---------- SUPPLIED MATERIAL
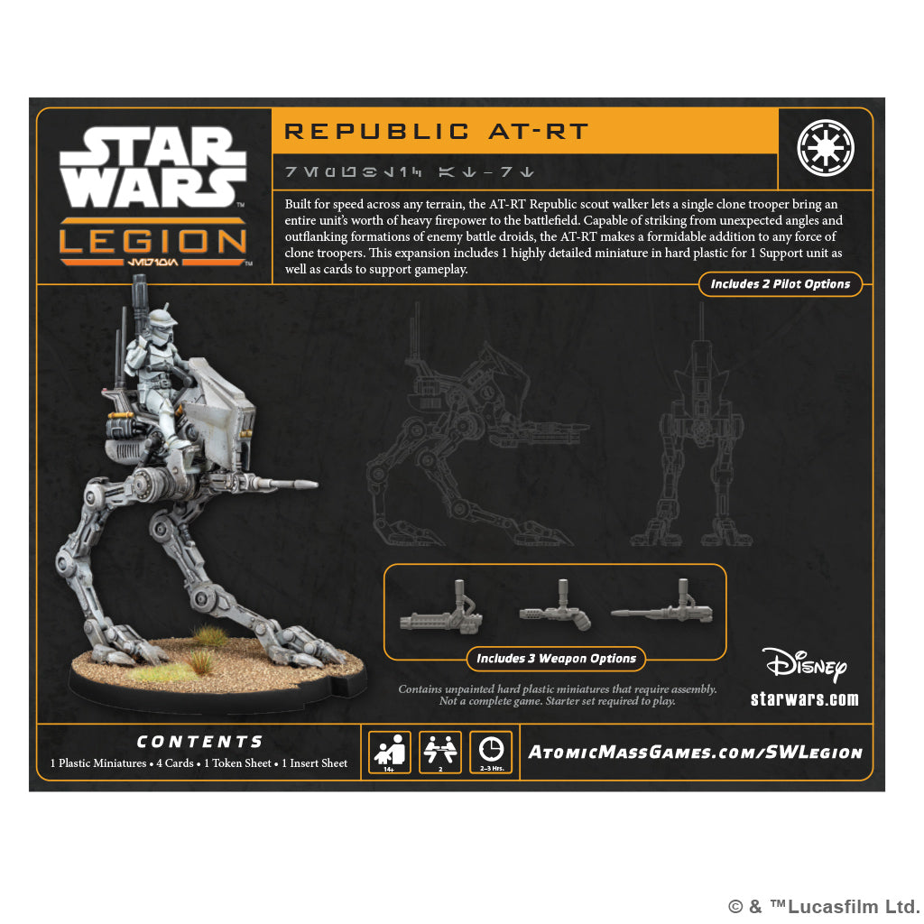 This expansion contains 1 AT-RT miniature, enough for one support unit in a Galactic Republic army.
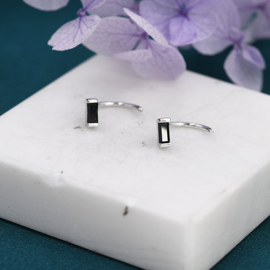 Black Baguette Cut CZ Huggie Hoop Earrings in Sterling Silver, Silver or Gold, Open Hoops, Pull-Through Threader Earrings,
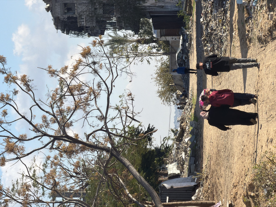 Amidst war-torn surroundings, three figures walk along a dirt path. Debris and rubble line the road, suggesting a recent conflict. A tall, damaged building looms in the background. Trees, partially obscured by the camera's perspective, add a touch of nature to the scene. The family appears to be navigating the remnants of their community.
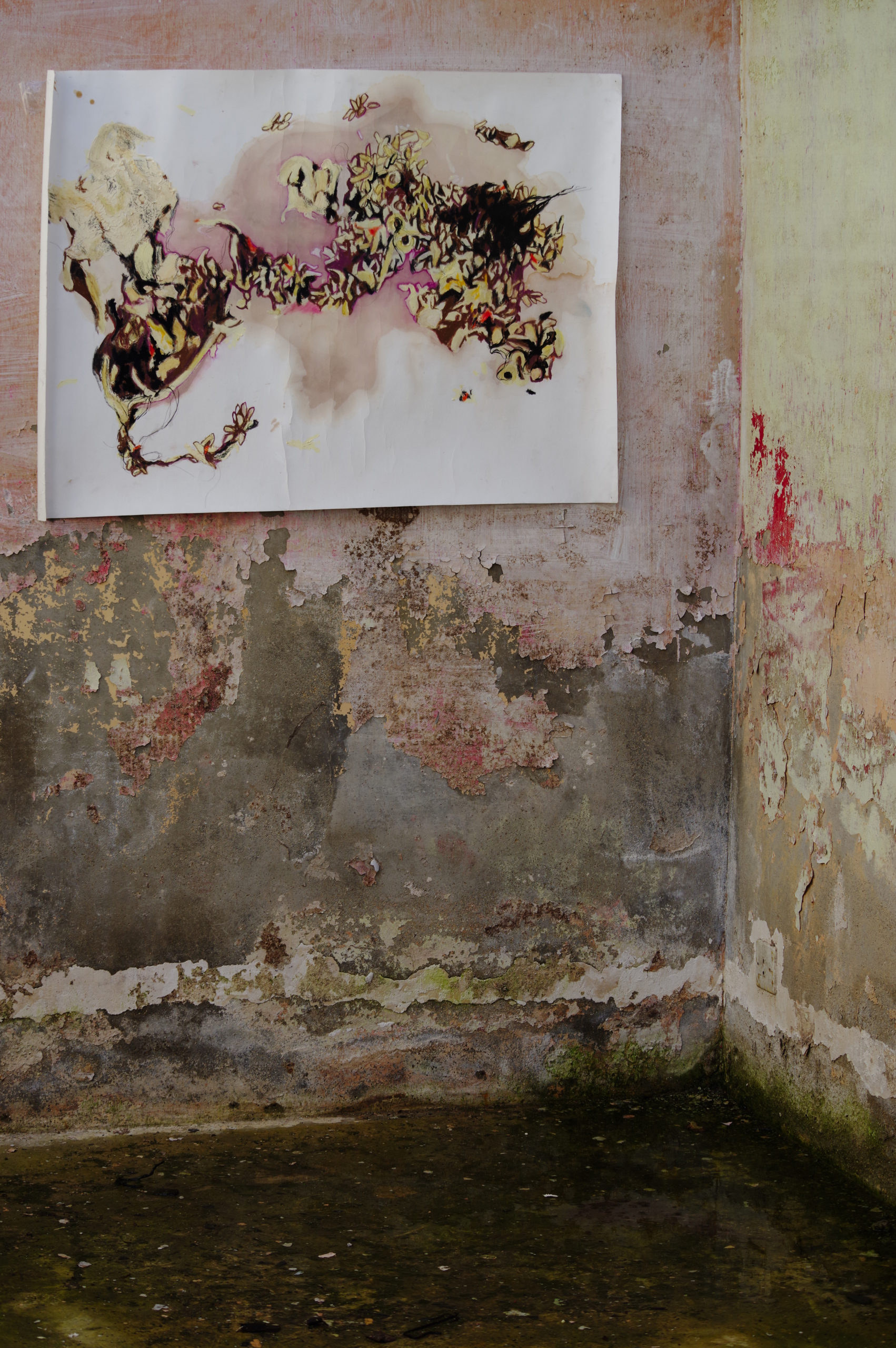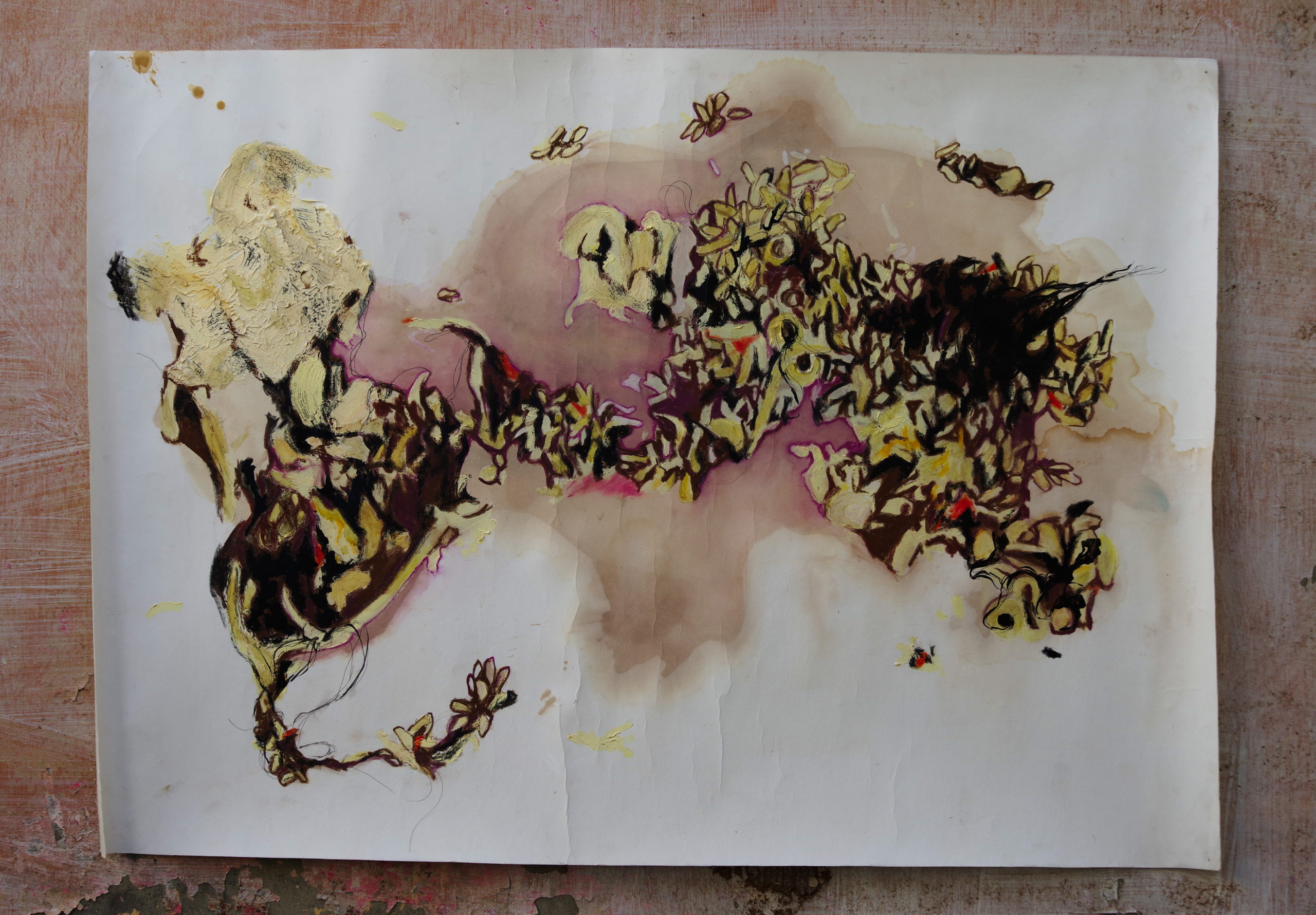 ALTÉRATION SUBSTANTIEL Hiver 2023 Paris-Trestel Production d’une peinture d’un mètre sur deux, reproduisant les restes alimentaires d’un fond d’évier. Technique de la gouache, aquarelle, pastels gras, crayons de couleur et feutres.
--------------------
- _WHAT TO WORK ON_: Return the listing verbatim, pictures excluded.

- _ANSWER SPACE_:
 This expansion contains 1 AT-RT miniature, enough for one support unit in a Galactic Republic army.
 Black Baguette Cut CZ Huggie Hoop Earrings in Sterling Silver, Silver or Gold, Open Hoops, Pull-Through Threader Earrings,
 Amidst war-torn surroundings, three figures walk along a dirt path. Debris and rubble line the road, suggesting a recent conflict. A tall, damaged building looms in the background. Trees, partially obscured by the camera's perspective, add a touch of nature to the scene. The family appears to be navigating the remnants of their community.
 ALTÉRATION SUBSTANTIEL Hiver 2023 Paris-Trestel Production d’une peinture d’un mètre sur deux, reproduisant les restes alimentaires d’un fond d’évier. Technique de la gouache, aquarelle, pastels gras, crayons de couleur et feutres.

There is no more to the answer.